It was the testimony of a single witness that put Sidney Holmes behind bars 34 years ago. Back in the summer of 1988, a man spotted him driving a brown 1970s Oldsmobile Cutlass in South Florida. Three weeks earlier, the man’s brother and a woman had been robbed by people in a similar vehicle. The man told his brother, the victim, about the car, who in turn informed the police. Officers quickly tracked Holmes down.

During said robbery near Fort Lauderdale on June 19, 1988, an Oldsmobile pulled up behind the man and woman. Two people approached them at gunpoint and demanded the car. Only the driver, who the victims described as “relatively small and heavy”, remained in the suspect’s car. Although Holmes was 1.80 meters tall and weighed 83 kilograms at the time, he was arrested and sentenced to 400 years in prison in 1989.

In November 2020, Holmes addressed the Conviction Review Unit, which works with the Innocence Project of Florida, an organization that helps free innocent prisoners. Unit investigators concluded that the eyewitness identification of Holmes was likely a misidentification, due in part to the then law enforcement practice of photo and live constellations, which they felt was scientifically unreliable and contradicted today’s best practices.

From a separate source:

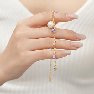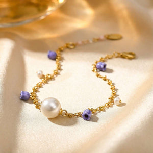 Light, graceful, and full of poetic charm, the Lily Of The Valley Bracelet is inspired by tiny bells swaying in a spring breeze. A fine gold-tone chain is adorned with delicate lavender lily charms and soft pearl accents, finished with a single luminous pearl drop at the centre. Elegant yet effortless, it adds a gentle sparkle to the wrist—perfect for everyday wear or as a thoughtful, romantic gift.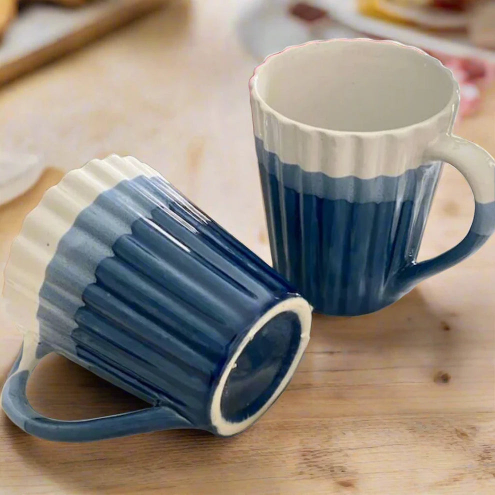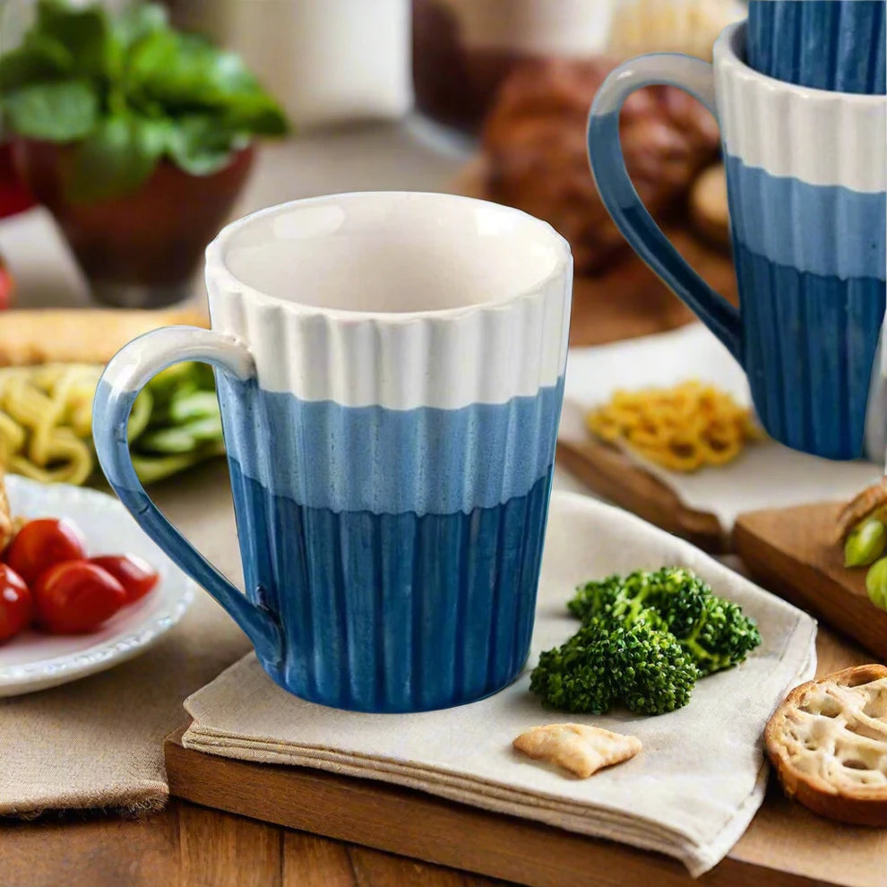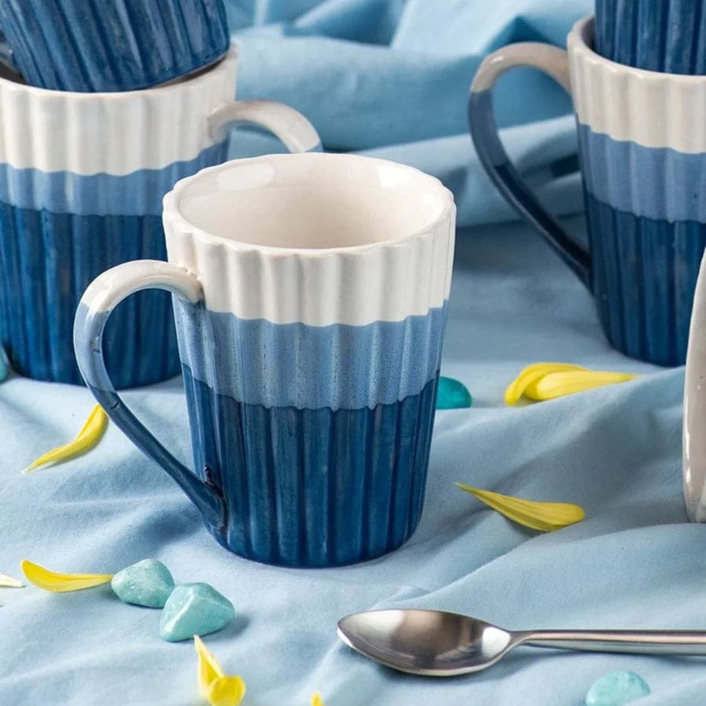 White & Blue Triple Shade Ceramic Mug - 300 ml

They also determined that other than misidentifying Holmes as a suspect, there was no evidence linking him to the robbery. A civil investigation initiated by the brother of one of the victims had made Holmes the sole suspect. However, it was only based on some similarities between his very generic Oldsmobile and the car used by the robbers, according to prosecutors. The investigation overlooked differences between the two cars, so it was likely a mix-up of vehicles.

“The prosecutor would not charge him today based on these facts,” the Broward County, Florida, Attorney’s Office said in a statement Monday. And so a district judge agreed to overturn the sentence against Sidney Holmes. He could hardly believe his luck when he was able to leave prison as a free man on the same day. “I never gave up hope,” Holmes told reporters waiting for him. “I knew that day would come sooner or later and today is the day.”